Okay. In some ways it does make me invisible to others but not all others. Some pretty nasty comments are made by total strangers, so I’m not really invisible. I’m pretending. Shoot. I’m lying to myself.

The predators in my life still touched me without permission and in inappropriate ways, so it wasn’t really working. I was pretending it was working…when the truth was that I was creating my own invisible barrier by staying away from the predators. The fat has been my visible evidence but not the truth.

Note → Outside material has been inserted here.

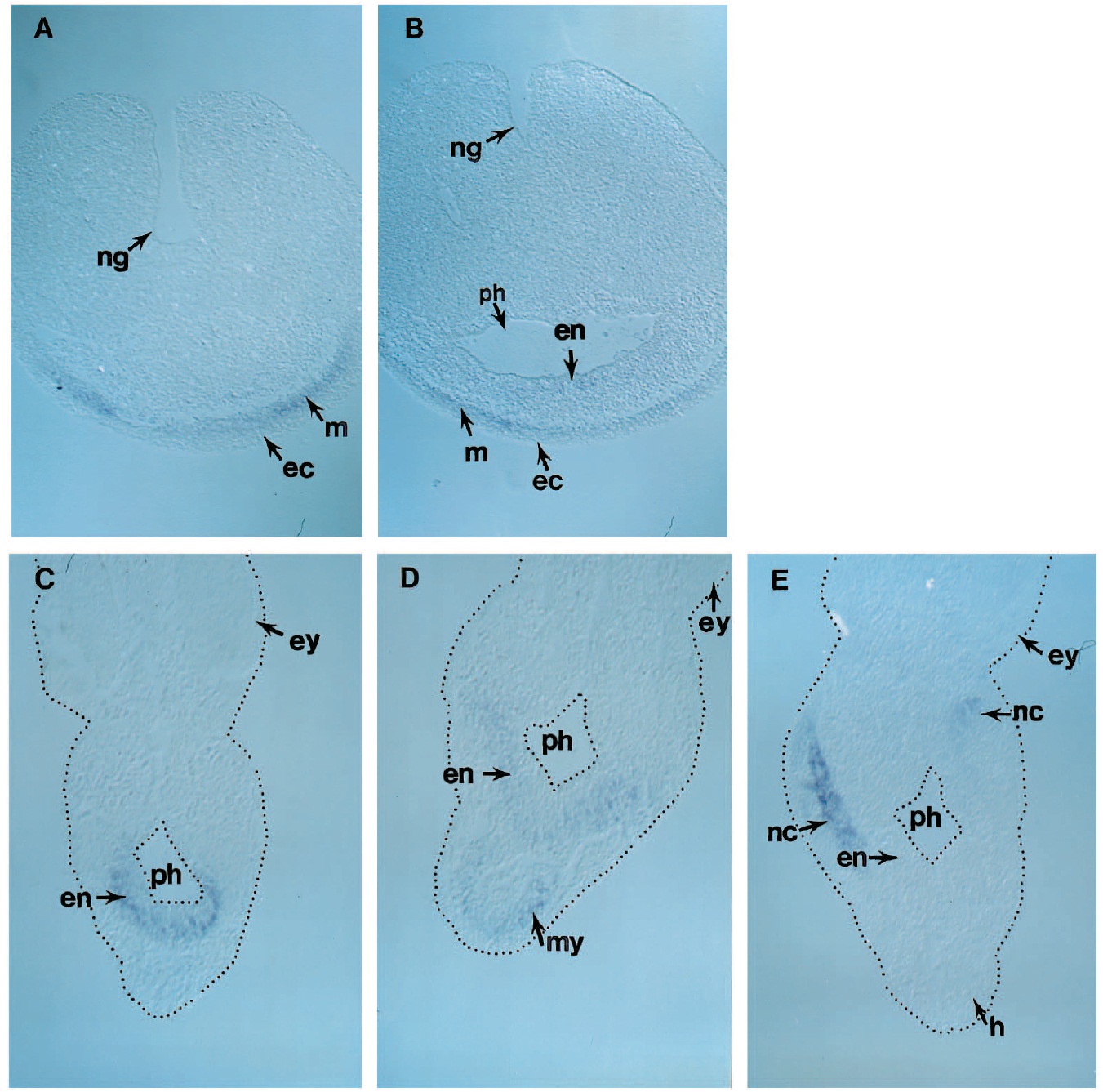 ectoderm; en, endoderm; ey, eye anlage; h, heart region; m,

Now, another consideration is that it made it more difficult for the predators to touch certain areas of the body. Okay, that makes my skin crawl. As it should. This does not change the fact that I was creating healthy barriers by staying away. The fat was a convenient excuse.

Am I ready to let go of the excuse?

I hope so.

2. Weight as rebellion.

I am almost 50 years old. I think it’s okay if I stop rebelling via my diet.

Instead, I need to explore other ways to rebel. I’m not used to thinking in these terms, so I’m going to have to consider the possibilities…oh, I’m a writer. My new rebellion. What did I always hear? “You can’t make money as a writer.” Well, I’m rebelling, and I’m going to give it my best shot. So there.

3. Weight as the new whip I use on myself.

I think this is going to be the toughest. I have to believe I no longer deserve to be punished, even though that is exactly what I was taught to believe.

The problem with this one is uniquely different from the other two. The previous two require some thought process change, but there are also physical, tangible things I can do and am doing. This one is all in my head. There has to be a way past this stumbling block. Finding a new whip is not an option.

I remember my last counselor asking me if I wanted to work for a boss who always criticized me, belittled me, hurt me, or did I want to work for a boss who praised me, loved me, and fought for me. I remember thinking that my answer probably wasn’t the correct one: I’d work better for the brutal boss because it’s familiar. I’m not sure I’d trust the nice boss. He proceed as if I’d answered correctly, and told me to fire the mean boss and create the nice one.

Sure.

Whatever.

I’m able to look back now and see how my friend who edits for me is the nice boss, and I do much better in my writing because of her.

Oh.

God’s been showing me, but I haven’t been listening.

Okay.

I can do the nice boss, but it’s going to take practice.

What a surprise.

Not.


Responses

  1. Nice bosses can still have high expectations, the encouragement and peaceful atmosphere make way to really excel. I think the nasty boss producing more is an illusion. We were taught so many lies. Hugs.